The UK operates under a paradigm of comparative effectiveness. The National Institute for Health and Clinical Excellence (NICE) is an independent organisation that provides guidance on technology assessments and other recommendations to the NHS. NICE expansively employs methods of comparative and cost effectiveness in recommending to the NHS what services and technologies to cover under the programmes. One prevailing concern among spectators in the US is that a comparative effectiveness agency could become analogous to NICE and employ similar coverage methodologies.

DEVICE INDUSTRY CONCERNS

Why is comparative effectiveness research of concern to device manufacturers seeking reimbursement? It is important to examine the realities that exist in treatment options, starting with paying attention to how effectiveness studies will be designed.

"By the time a comparative effectiveness study is complete, it is possible that a device may be on the second or even third generation."

Most comparative effectiveness studies tend to last well beyond the device lifecycle. If a research study to determine effectiveness lasts a minimum of three years, it is difficult to ignore the reality that medical devices are products of improving innovation and technology. Most devices have a market lifespan of about 18 months before the next-generation model is available.

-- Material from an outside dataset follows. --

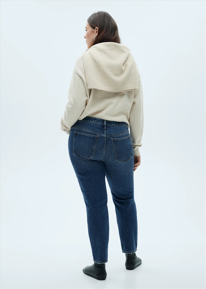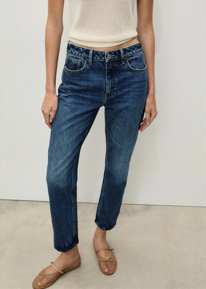 Tejido de algodón estilo tejano vaquero. Mom-fit. Tiro alto. Trabillas. Cinco bolsillos. Cierre de cremallera y botón. Disponible Plus. Largo interior 69 cm.

In many cases, the newer generations will bring greater clinical benefit to a patient. Thus, by the time a comparative effectiveness study is complete, it is possible that a device may be on the second or even third generation, which may be substantially different and provide significantly more clinical benefit than the previous device. Therefore, it becomes much more difficult to make a coverage decision based on this incomplete information.

It appears that Congress has an appetite to move forward on legislation on comparative effectiveness.

Most recently, Sen. Max Baucus (D-MT), chairman of the US Senate Committee on Finance, announced legislation to create a private-public entity that would work with federal health agencies to establish comparative effectiveness methodologies. Although the legislation mentioned that costs initially would not be included in research studies, it left open the possibility that they could be included down the road.

With a limited legislative schedule ahead, it appears there is a short window of opportunity to move forward on such measures. However, comparative effectiveness will continue to be part of the dialogue as Congress deals with the long-term budget constraints.